--- Information given Enclosed Below ---
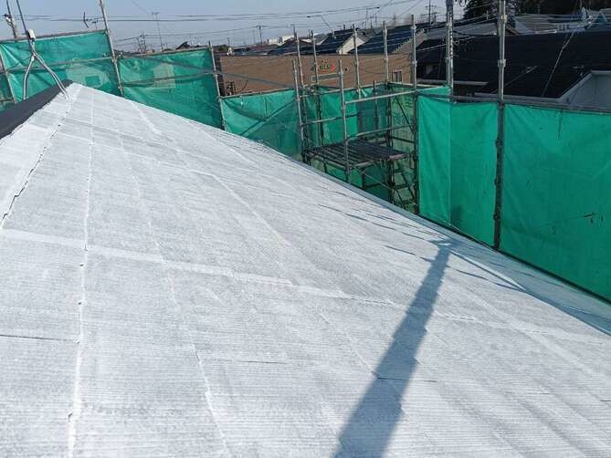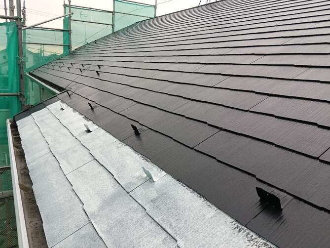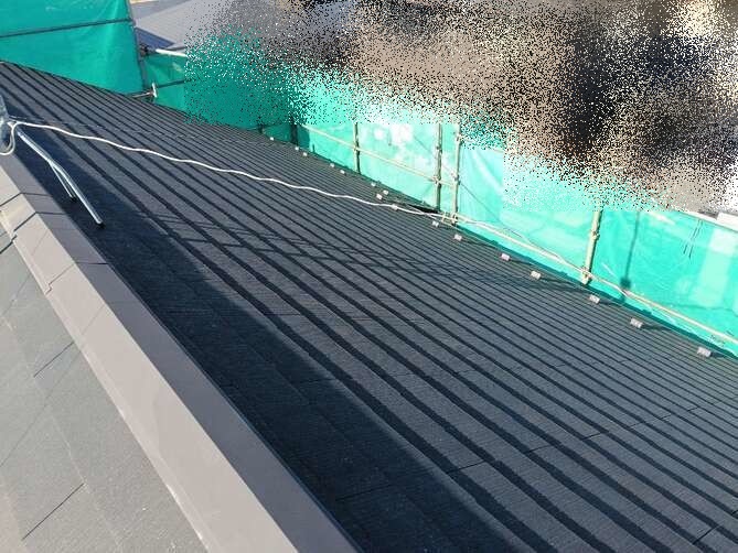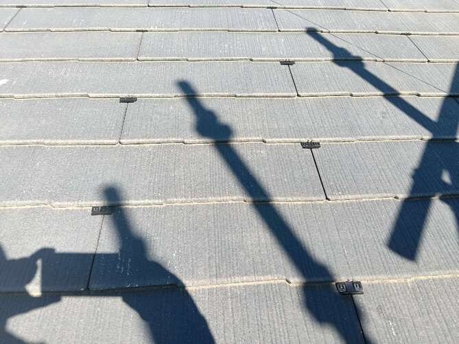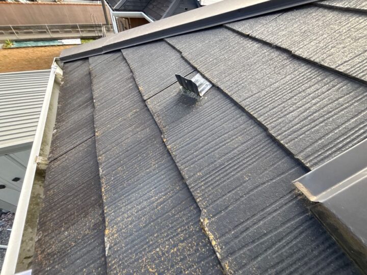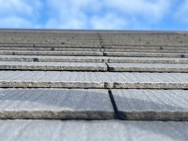 既存屋根材はスレート屋根です。石質の薄い板を使用しているため、劣化や反りがしやすい材料です。 -
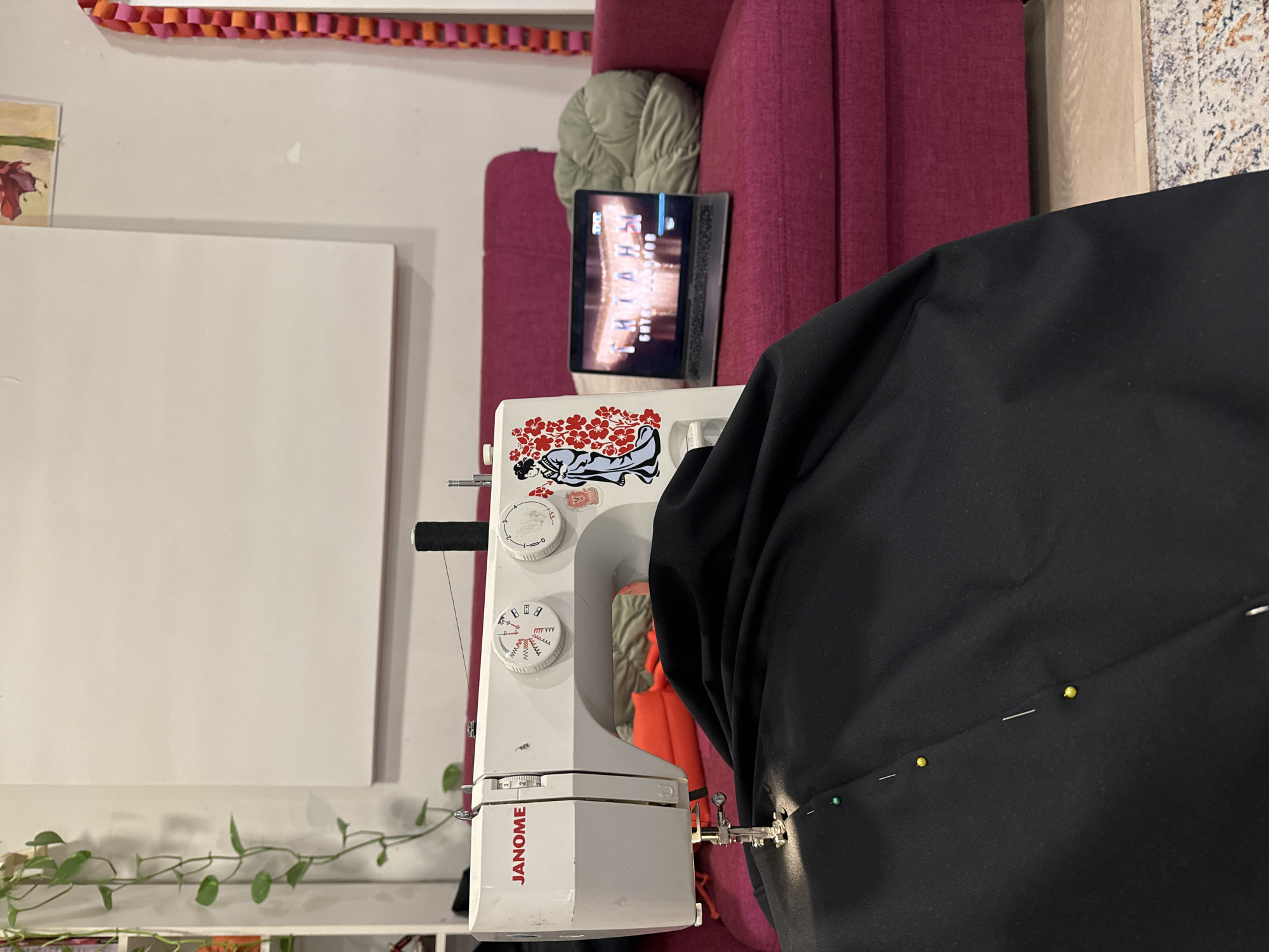 domestic indoor scene, dominated by a Janome sewing machine positioned on a red sofa. A black fabric with pins is being stitched. In the background is a tablet displaying what appears to be a movie poster. Plants are partially visible on a shelf in the lower left corner, and a blank white canvas hangs on the wall. A green cushion rests on the sofa behind the tablet. The location is not discernible from the image.
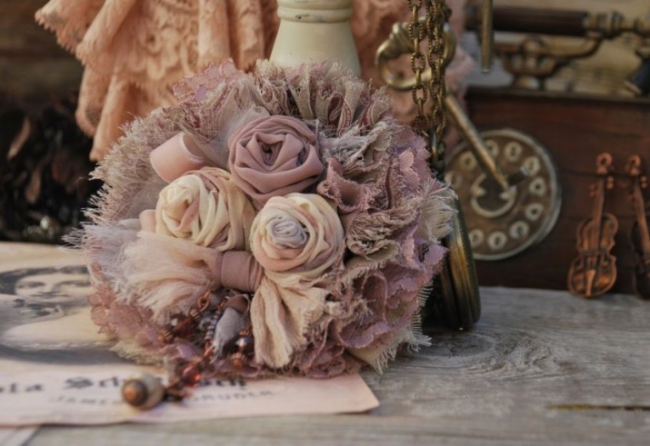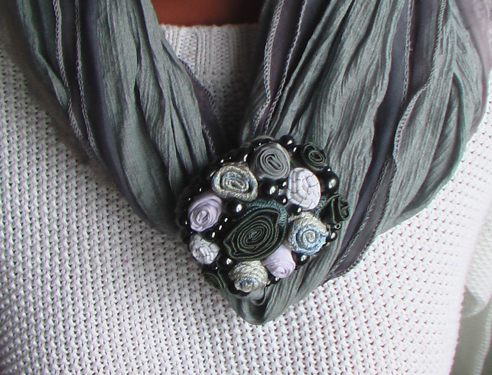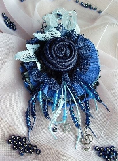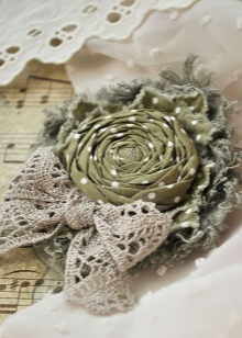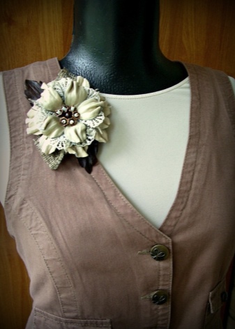 Beautiful brooches made of textiles perfectly harmonize with long skirts to the floor, summer air sundresses, colorful trousers. If the decoration is a neutral shade, it can be successfully combined with any color in clothing. But when the brooch is bright, choose the top of a contrasting shade so that the accessory does not merge with the clothes.
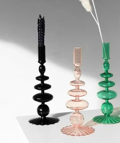 Blown glass candle holders in a beautiful array of colors and acrobatic shapes. Create a dynamic centerpiece by mix and matching styles or buy in pairs for a striking centerpiece.
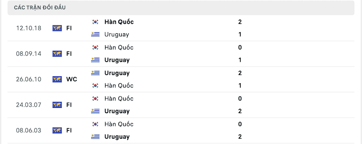 Lịch sử đối đầu của Uruguay vs Hàn Quốc
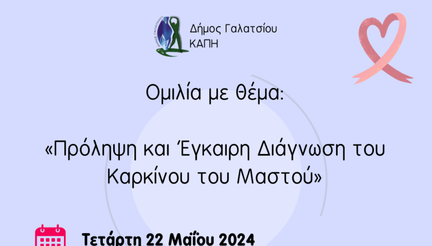 Ομιλία με θέμα: «Πρόληψη και Έγκαιρη Διάγνωση του Καρκίνου του Μαστού»
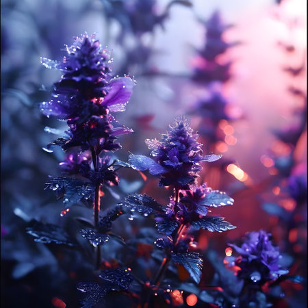 Clusters of delicate purple flowers flourish in a vibrant garden, basking in warm sun rays.
--- End of Enclosed Information given ---
[Work required]
If a line comes after the line with "domestic indoor scene, dominated", it stays out; print exactly every line from the start of the entries up to and including that line, but no pictures.

[Answer box]
 既存屋根材はスレート屋根です。石質の薄い板を使用しているため、劣化や反りがしやすい材料です。 -
 domestic indoor scene, dominated by a Janome sewing machine positioned on a red sofa. A black fabric with pins is being stitched. In the background is a tablet displaying what appears to be a movie poster. Plants are partially visible on a shelf in the lower left corner, and a blank white canvas hangs on the wall. A green cushion rests on the sofa behind the tablet. The location is not discernible from the image.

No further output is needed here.